**PROVIDED DATA**
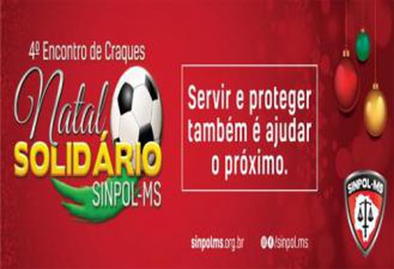 O Sinpol-MS realizará pelo quarto ano consecutivo a campanha do Natal Solidário, no qual o objetivo é arrecadar alimentos não perecíveis para doação as instituições de caridade. O evento começa com o “Encontro de Craques”, no sábado (10), a partir das 10h, e a entrada é R$ 20,00 + 1kg de alimento não perecível. Após a partida de futebol será servida uma saborosa feijoada. “Mais do que proteger a sociedade, também queremos servi-la através de ações de solidariedade para pessoas que precisam de ajuda”, declarou o diretor trabalhista e um dos organizadores do evento, Amaury José Pontes.
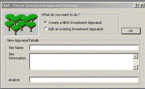 You will now be presented with a screen asking if you wish to Create a New appraisal or Edit an existing one. Use the mouse to click on the option required. If you create a New appraisal you are presented with a series of dialogue boxes that allow entry of details such as site name, location and the analyst. Use the mouse to move from box to box (alternately the TAB key will move through the boxes in order). Mistakes can be corrected using the Delete or Backspace keys or at a later stage - see Section 2.1. When finished click on OK. You will now move onto the package itself. The initial screen is the What-If screen. The next section deals with the different screens available.
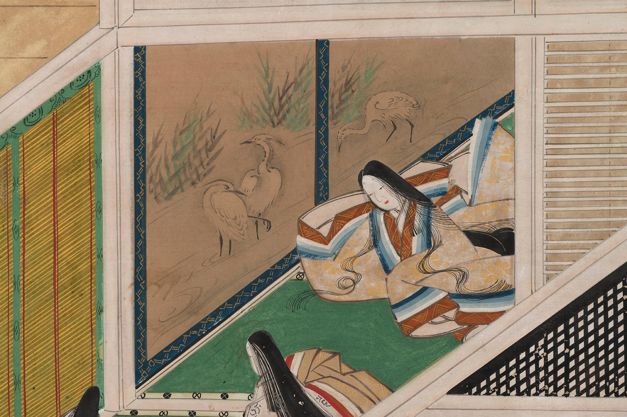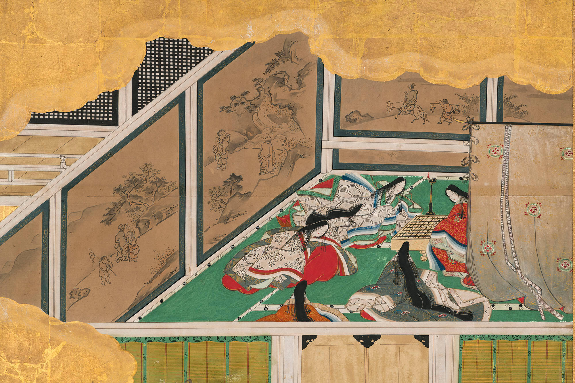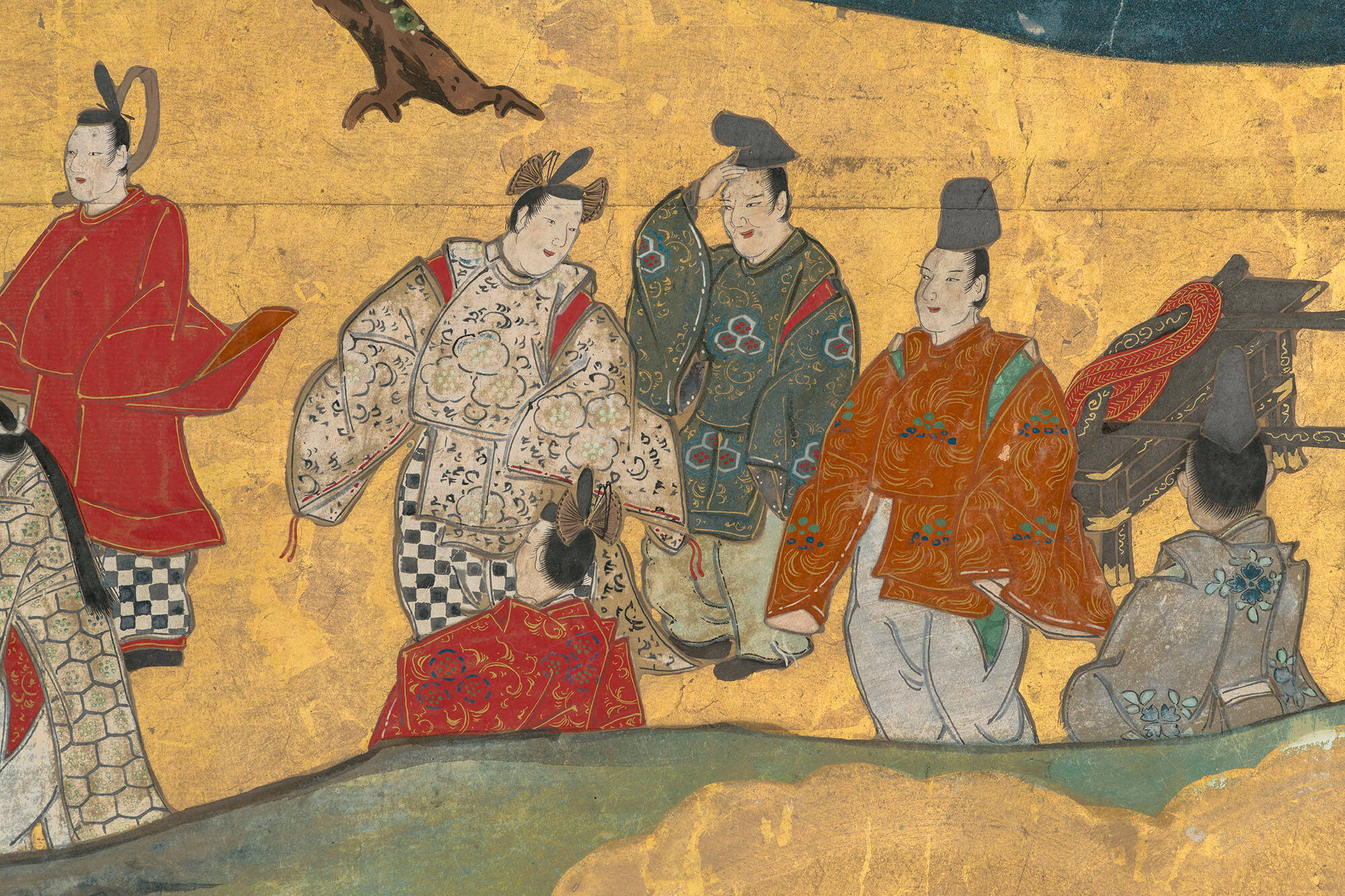 Nestled amid the golden clouds in this vibrant pair of screens are depictions of twelve chapters from the Tale of Genji, one of the world’s earliest novels. Written around the year 1000 by Murasaki Shikibu, a lady-in-waiting at the court in Kyoto, the story vividly portrays courtly customs through an intricate web of human relations. The protagonist Genji epitomizes the ideal male persona of the time: strikingly attractive and a master of all the arts, he was also a great lover. Indeed much of the long novel revolves around his liaisons with women of the court.
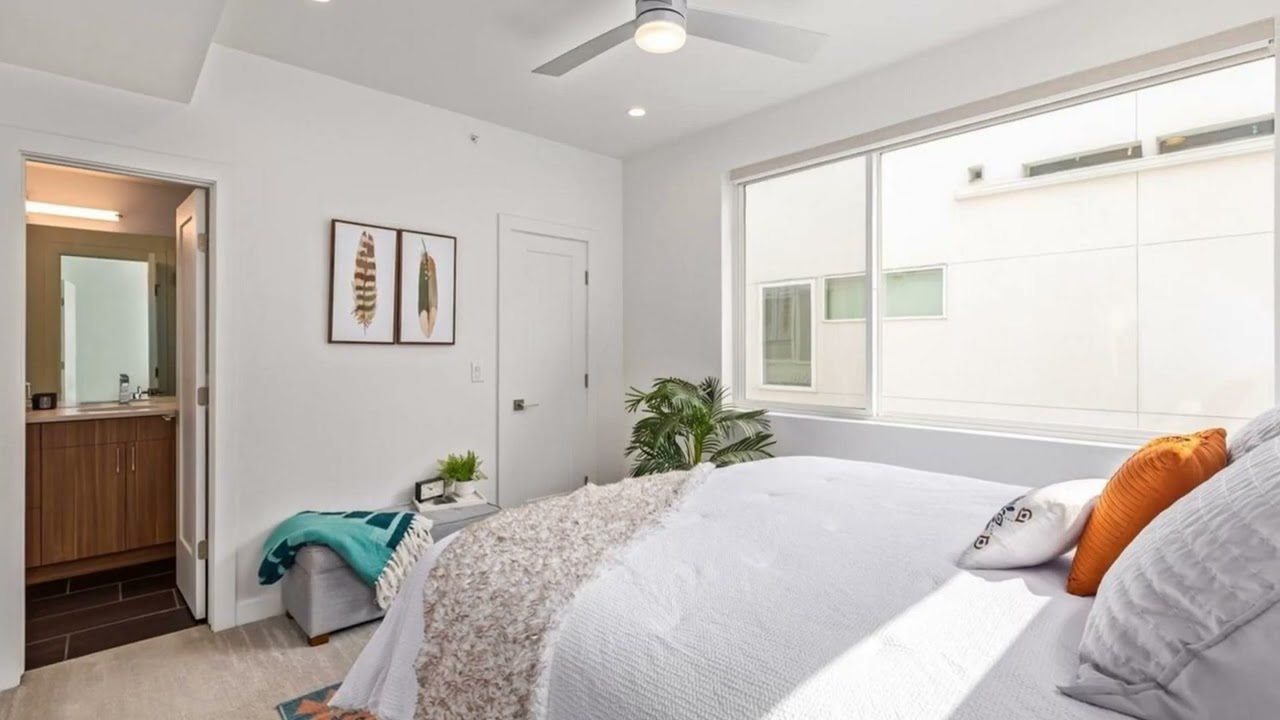 Stunning End Unit with Captivating Two-Story Glass and Brick Facade. Abundant Warmth and Natural Light – Offering 2 Beds, 3 Baths, and a 2-Car Garage. Move-in Ready: A Haven of Light-Filled Spaces. Expansive Windows Create an Airy and Elegant Ambience with 10′ Ceilings.

**PROBLEM REQUIREMENTS**
Write out all the data exactly, minus pictures.

**SOLUTION TO THIS TASK**
 O Sinpol-MS realizará pelo quarto ano consecutivo a campanha do Natal Solidário, no qual o objetivo é arrecadar alimentos não perecíveis para doação as instituições de caridade. O evento começa com o “Encontro de Craques”, no sábado (10), a partir das 10h, e a entrada é R$ 20,00 + 1kg de alimento não perecível. Após a partida de futebol será servida uma saborosa feijoada. “Mais do que proteger a sociedade, também queremos servi-la através de ações de solidariedade para pessoas que precisam de ajuda”, declarou o diretor trabalhista e um dos organizadores do evento, Amaury José Pontes.
 You will now be presented with a screen asking if you wish to Create a New appraisal or Edit an existing one. Use the mouse to click on the option required. If you create a New appraisal you are presented with a series of dialogue boxes that allow entry of details such as site name, location and the analyst. Use the mouse to move from box to box (alternately the TAB key will move through the boxes in order). Mistakes can be corrected using the Delete or Backspace keys or at a later stage - see Section 2.1. When finished click on OK. You will now move onto the package itself. The initial screen is the What-If screen. The next section deals with the different screens available.
 Nestled amid the golden clouds in this vibrant pair of screens are depictions of twelve chapters from the Tale of Genji, one of the world’s earliest novels. Written around the year 1000 by Murasaki Shikibu, a lady-in-waiting at the court in Kyoto, the story vividly portrays courtly customs through an intricate web of human relations. The protagonist Genji epitomizes the ideal male persona of the time: strikingly attractive and a master of all the arts, he was also a great lover. Indeed much of the long novel revolves around his liaisons with women of the court.
 Stunning End Unit with Captivating Two-Story Glass and Brick Facade. Abundant Warmth and Natural Light – Offering 2 Beds, 3 Baths, and a 2-Car Garage. Move-in Ready: A Haven of Light-Filled Spaces. Expansive Windows Create an Airy and Elegant Ambience with 10′ Ceilings.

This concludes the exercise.